Cronaca / Sondrio e cintura
Lunedì 13 Aprile 2026
Sondrio, assalto al bus notturno: autista costretto a manovra di emergenza
All’autostazione di Sondrio un autista del servizio sostitutivo diretto a Lecco è stato accerchiato da una trentina di giovani in stato di alterazione. Tra calci, pugni e minacce, il conducente ha dovuto effettuare una manovra d’emergenza per mettere in sicurezza i passeggeri. «Chiediamo sicurezza»
Sondrio
Non è la prima volta che dal mondo dell’autotrasporto di linea locale arrivano feed back preoccupanti circa le pressioni che gli autisti subiscono in servizio, sia durante i viaggi sostitutivi dei treni, concordati con Trenord e Ferrovie nord Milano, sia durante il normale servizio di autotrasporto pubblico effettuato sul territorio.
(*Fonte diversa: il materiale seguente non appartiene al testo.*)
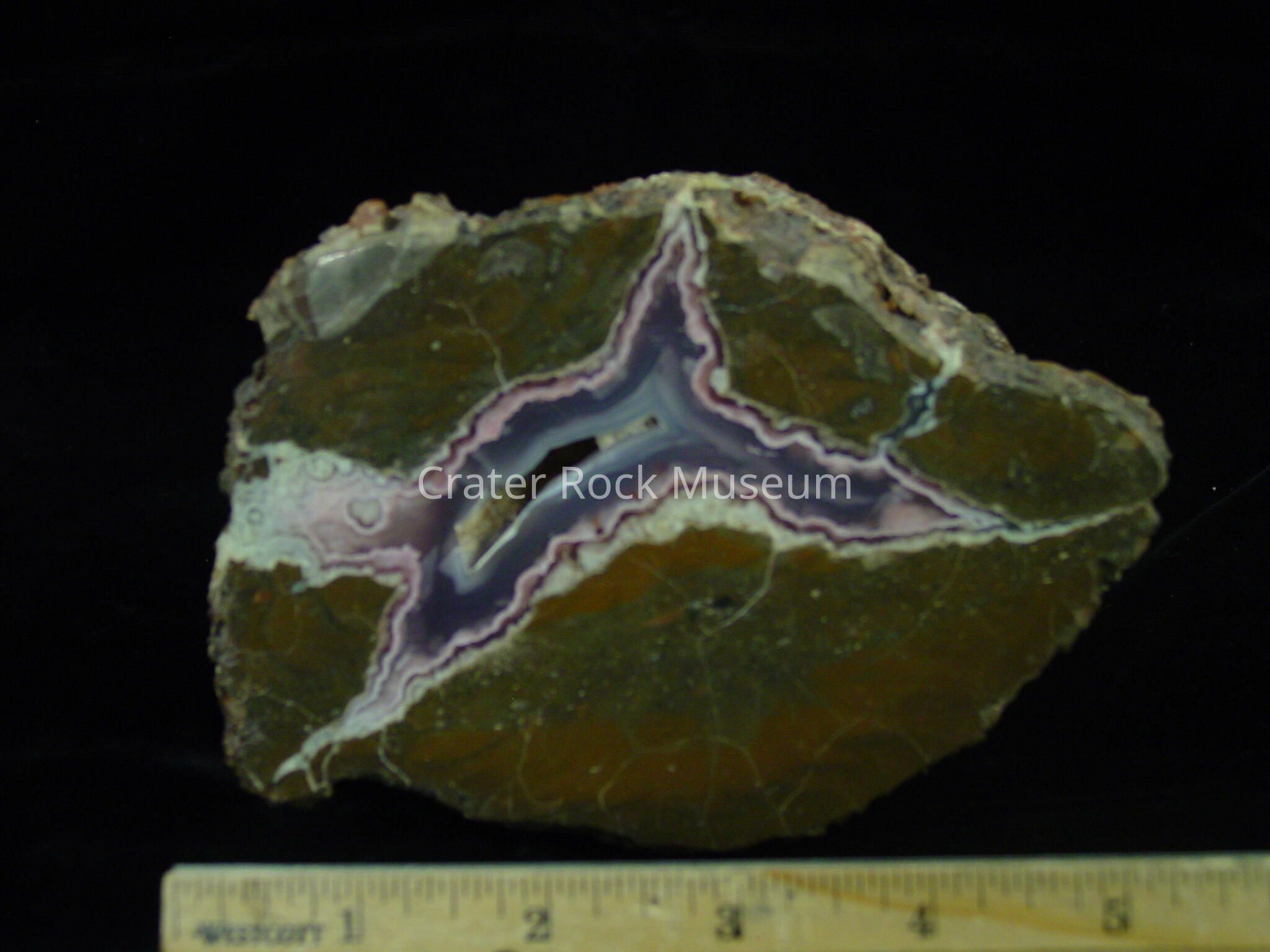 Description: This thunder egg has a clear and purplish agate center with a small opening. This is surrounded by a band of pink and white. Surrounding rock is a reddish brown.Collection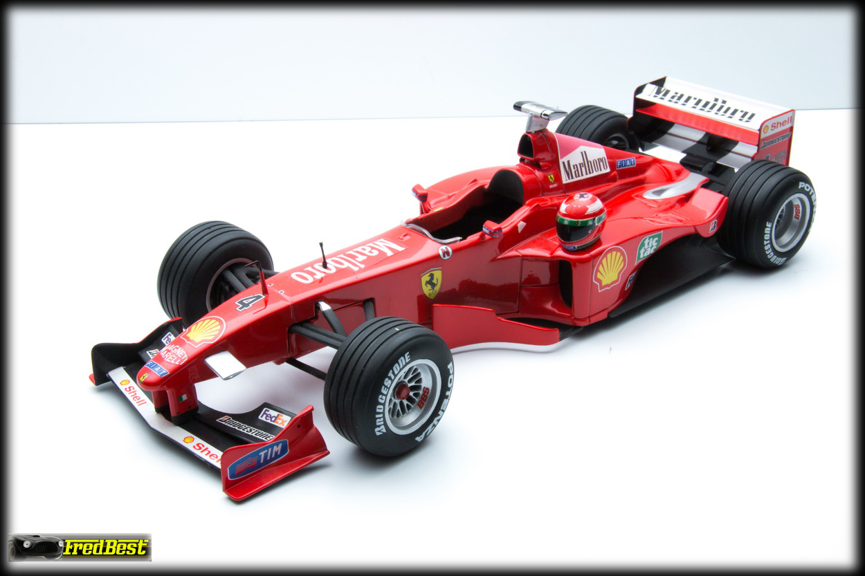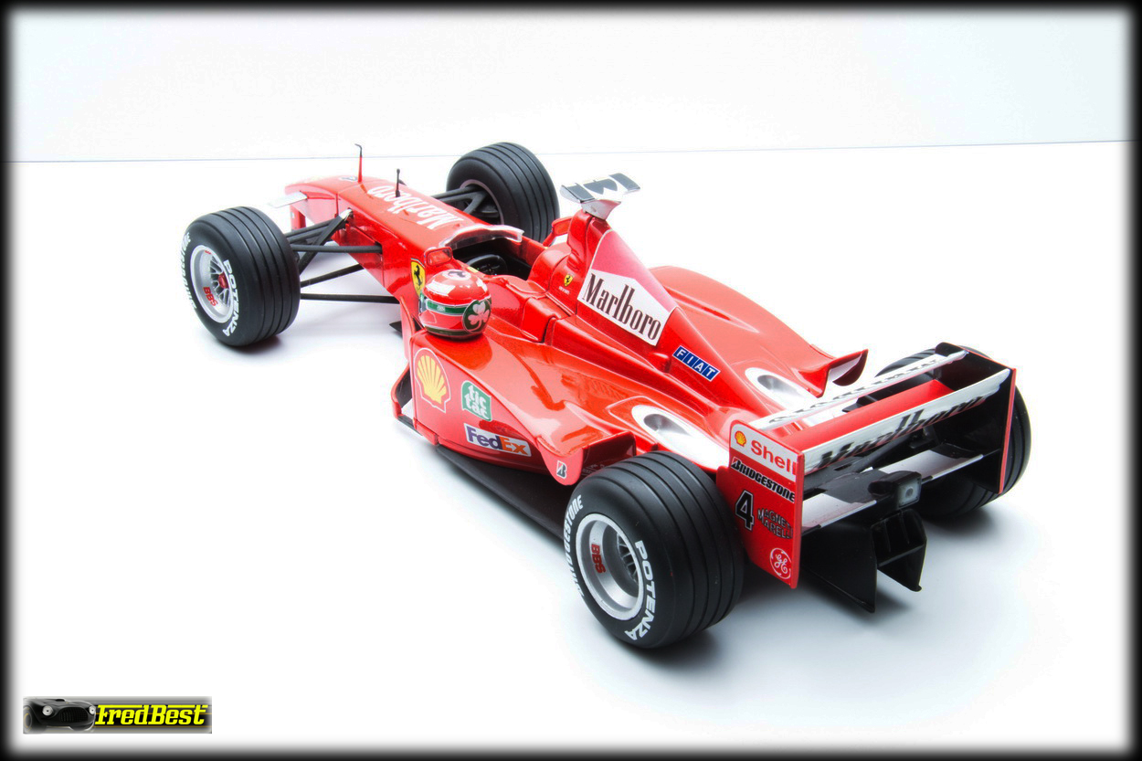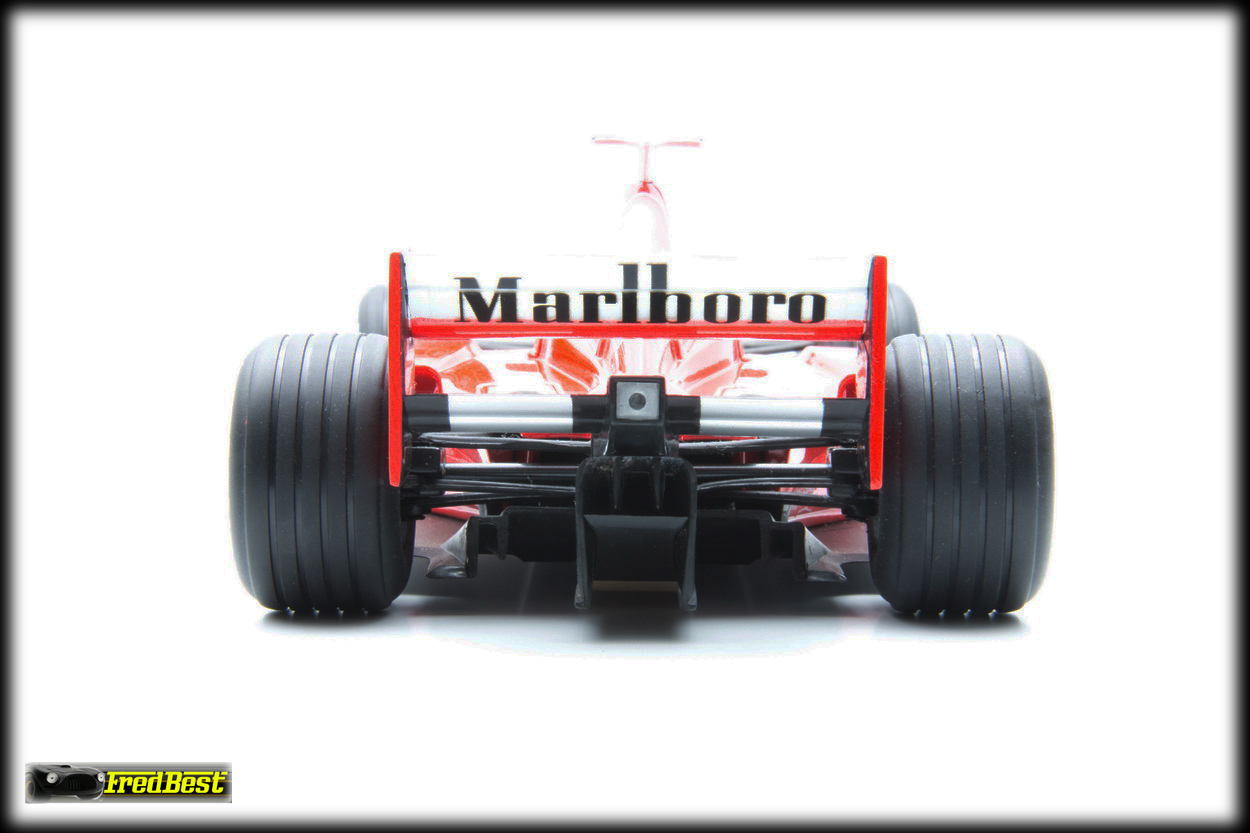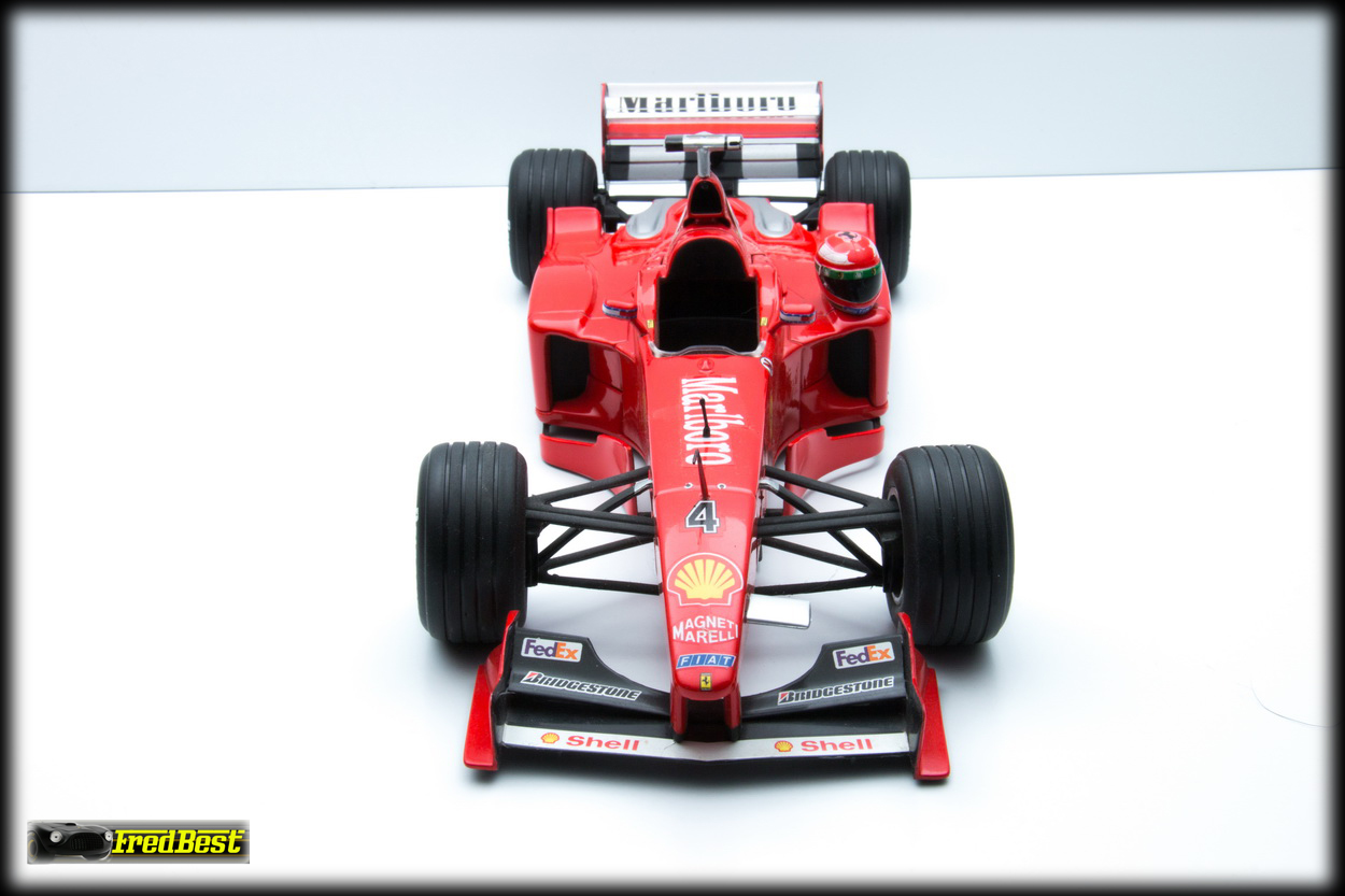 Reproduite par Hotweels, référence 24629, Eddy Irvine. Piote retiré, casque scotché, ajout d'autocollants Marlboro faits maison.

Situazioni in cui gli autisti hanno a che fare anche con una fetta di viaggiatori che non pagano il biglietto, ma vogliono viaggiare lo stesso, con persone, giovani, ma non solo, alterate dall’uso di alcool e droghe che nemmeno avrebbero i connotati per salire sul mezzo pubblico e con persone che prendono a calci e pugni le porte dei bus per poter scendere al loro paese di destinazione nonostante ciò non sia possibile in quanto si tratta di un servizio sostitutivo del treno che fa solo le fermate di quest’ultimo.
C’è un servizio sostitutivo, in particolare, che dà parecchie gatte da pelare agli autisti ed è quello che parte alle 3.44 di tutti i giorni dalla stazione degli autobus di via Tonale, a Sondrio, con destinazione Lecco.
«Durante la settimana nessun problema – dice Claudio Porta, referente della Fit Cisl di Sondrio –, tanto più che è un servizio molto richiesto da persone che devono prendere aerei e coincidenze di treni. Ma è la domenica notte che si scatenano le orde barbariche. Come è accaduto nella nottata all’autista che prestava servizio, assediato da un branco di una trentina di giovani, mi ha riferito, fuori controllo, in evidente stato di alterazione psicofisica, che hanno tentato un vero e proprio assalto alla diligenza. L’autista, per mettere in salvo i passeggeri regolari, ha dovuto compiere una manovra di emergenza, fuggendo, mentre il gruppo dei giovani colpiva il mezzo sferrando calci e pugni contro i vetri, tentando di bloccare le porte, e minacciando di morte il collega».
Teatro della scena l’autostazione di via Tonale, a Sondrio, dove a quell’ora, alla domenica, si raccolgono i ragazzi, spesso minori, reduci dalla movida nei locali pubblici della zona e che prendono l’autobus per tornare a casa.
«Problemi non ce ne sarebbero se non fossero quasi sempre alterati dall’uso di alcool e tutto il resto, al punto, in alcuni casi, di non reggersi nemmeno in piedi – dice Porta –, e noi non possiamo nemmeno far salire persone in quelle condizioni sui nostri mezzi per ragioni di sicurezza. Oltre al fatto che, di norma, sono anche del tutto sprovvisti di biglietto. Al più ci può essere qualche studente fra loro che ha l’abbonamento o poco più. Abbiamo segnalato più e più volte questa situazione alle autorità competenti, ma nessuno si è mosso. Chiediamo la presenza di una pattuglia, a campione, tre volte al mese, in stazione la domenica alle 3.44, in modo da supportarci e dissuadere i giovani da questi comportamenti. Non ci sembra una cosa impossibile. Anche perché l’altra ipotesi, che talvolta viene sollevata, cioè quella di abolire il servizio, non è adeguata».
Perché abolire la corsa sostitutiva del treno, dicono gli autisti, quando si tratta di servizio importante per tante persone che devono raggiungere Lecco e poi Milano per prendere treni e aerei?
«Siamo già periferici rispetto al resto della regione, perché privarci di un servizio importante e, ripeto, molto gettonato? - dice Porta -. Va mantenuto, invece, e presidiato. La pazienza è finita. Chi lavora ha il diritto di farlo in sicurezza e i cittadini onesti di viaggiare senza paura. Le istituzioni escano dal loro letargo. La sicurezza non si garantisce con le pacche sulle spalle, ma con il controllo del territorio».